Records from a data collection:
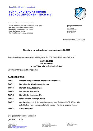 Jahreshauptversammlung 2026 am 9. Mai um 16 Uhr
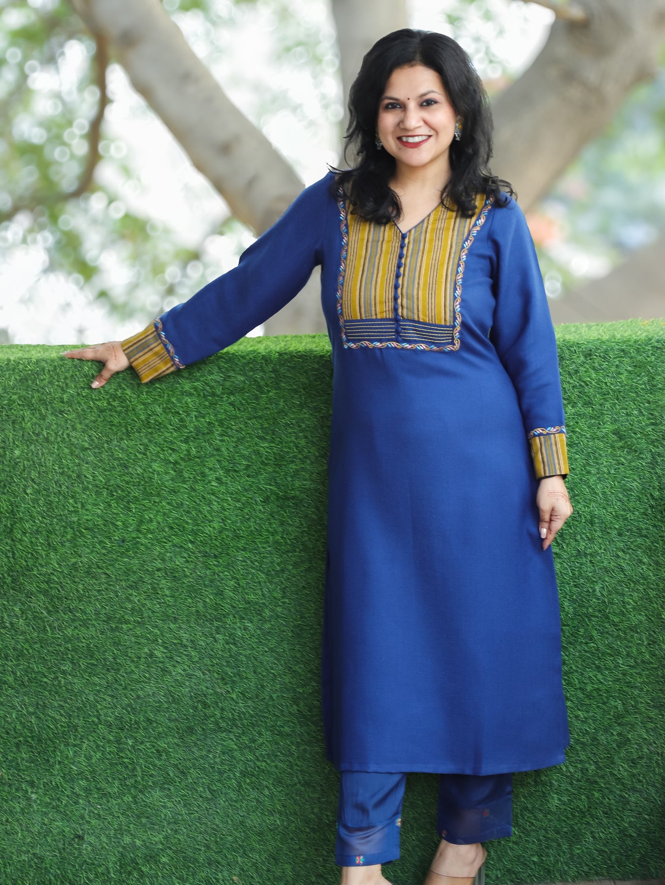 Pratiksha Blue Potli Button Work in Stripe Patch Neck Semi Pashmina Winter Kurti
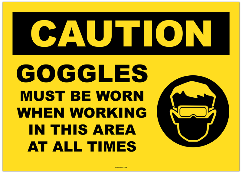 Caution Goggles Must Be Worn When Working in this Area at All Times Sticker
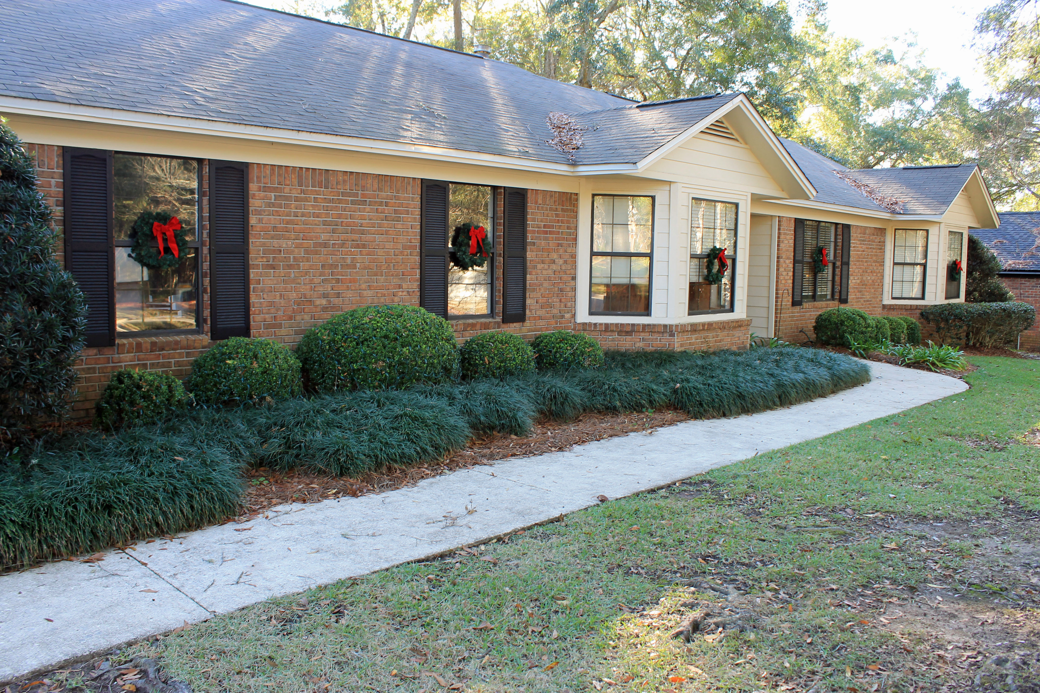dogs with wreathWe also added some net lights to the bushes in the front of the house. At least the bushes on one side of the house…haha. Our house is odd and has no outlets outside in the front or sides, so we’re limited when it comes to putting up Christmas lights. So we decided since it was so late this year to just throw on some net lights and call it a day. Next year we plan to have an electrician come out and install some outlets so we can light the bushes on the other side of the house, and maybe add some icicles to the roofline.
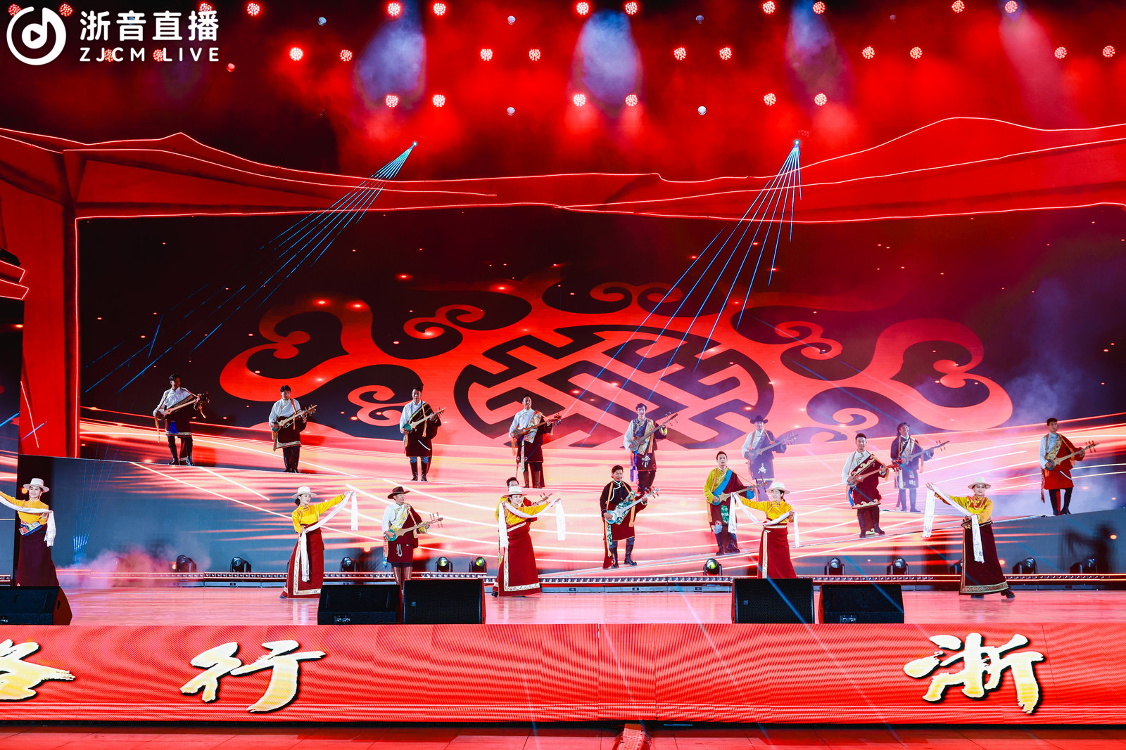 西子湖畔水波蕩漾、大美海西百川織錦。隨著兩地藝術(shù)家共同演繹的優(yōu)美曲調(diào)、曼妙舞蹈,浙青兩地的大好河山、多民族的風(fēng)情畫(huà)卷在觀眾面前徐徐展開(kāi)。亞運(yùn)主題歌曲《同愛(ài)同在》、登上2023年央視春晚的舞蹈《碇步橋》、當(dāng)?shù)匕傩斩炷茉敻枨肚嗖馗咴?、民?lè)《賽馬》、獻(xiàn)給浙江援青人的歌《到處都有你的身影》……浙青兩地民族團(tuán)結(jié)、山海情深的動(dòng)人篇章,以及當(dāng)代中國(guó)社會(huì)主義現(xiàn)代化建設(shè)和改革開(kāi)放的火熱場(chǎng)景,展現(xiàn)在觀眾眼前。

• Task prompt
Copy every entry exactly; drop the pictures.

• Answer to this problem
 Jahreshauptversammlung 2026 am 9. Mai um 16 Uhr
 Pratiksha Blue Potli Button Work in Stripe Patch Neck Semi Pashmina Winter Kurti
 Caution Goggles Must Be Worn When Working in this Area at All Times Sticker
dogs with wreathWe also added some net lights to the bushes in the front of the house. At least the bushes on one side of the house…haha. Our house is odd and has no outlets outside in the front or sides, so we’re limited when it comes to putting up Christmas lights. So we decided since it was so late this year to just throw on some net lights and call it a day. Next year we plan to have an electrician come out and install some outlets so we can light the bushes on the other side of the house, and maybe add some icicles to the roofline.
 西子湖畔水波蕩漾、大美海西百川織錦。隨著兩地藝術(shù)家共同演繹的優(yōu)美曲調(diào)、曼妙舞蹈,浙青兩地的大好河山、多民族的風(fēng)情畫(huà)卷在觀眾面前徐徐展開(kāi)。亞運(yùn)主題歌曲《同愛(ài)同在》、登上2023年央視春晚的舞蹈《碇步橋》、當(dāng)?shù)匕傩斩炷茉敻枨肚嗖馗咴?、民?lè)《賽馬》、獻(xiàn)給浙江援青人的歌《到處都有你的身影》……浙青兩地民族團(tuán)結(jié)、山海情深的動(dòng)人篇章,以及當(dāng)代中國(guó)社會(huì)主義現(xiàn)代化建設(shè)和改革開(kāi)放的火熱場(chǎng)景,展現(xiàn)在觀眾眼前。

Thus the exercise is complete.